Significance. If the reported outflows prove robust under resolution and convergence checks, the result would be significant because it suggests that purely hydrodynamic effects combined with radiative cooling can sustain collimated bipolar outflows over thousands of gravitational radii in the absence of magnetic fields. This would provide a quantitative benchmark (terminal velocity 0.14c, angular-momentum-dependent mass-loss rate) that could be compared with observations of low-luminosity AGN jets and would challenge the necessity of magnetic tension for initial collimation in geometrically thick flows.

major comments (3)
  1. [Methods / Simulation Setup] The abstract and methods description provide no information on grid resolution, convergence tests, or the precise form of the outer boundary conditions at 2651 Rs.

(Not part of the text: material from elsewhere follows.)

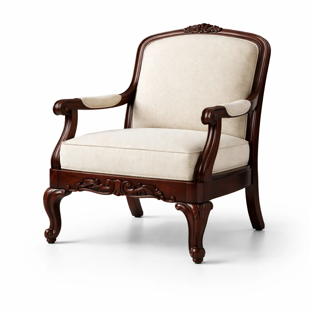 Poltrona in legno con rivestimento in tessuto beige
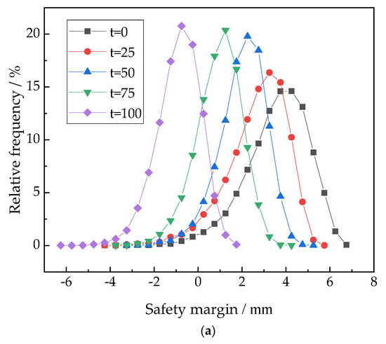 In order to explore the influence of pile–soil time-varying characteristics on the safety margin frequency distribution, a total of 4 × 104 groups of random variables obeying the normal distribution were extracted and substituted into the limit state function expression. The frequency distribution curve for horizontal displacement failure mode is shown in Figure 8.

Without these, it is impossible to determine whether the claimed sustained outflow and terminal velocity of 0.14c are free from numerical diffusion or transient artifacts over such large radial distances.
  2. [Results] The central claim that the bipolar outflow is collimated and reaches a true terminal velocity requires demonstration of stable vertical mass flux at the outer boundary over long integration times; no time series of mass outflow rate or radial profiles of velocity at multiple epochs are referenced, leaving the sustainability assertion unsupported.
  3. [Results] The statement that outflow rate depends on angular momentum is presented without quantitative values, tables, or figures showing the functional dependence across the explored range of specific angular momenta, rendering the dependence claim qualitative rather than falsifiable.
minor comments (2)
  1. [Abstract] Typographical error in the abstract: 'thatbipolar' should read 'that bipolar'.
  2. [Abstract / Introduction] The title refers to 'transonic' accretion, yet the abstract and results sections do not explicitly identify the sonic surface or discuss how the transonic condition is maintained in the presence of radiative cooling and outflow.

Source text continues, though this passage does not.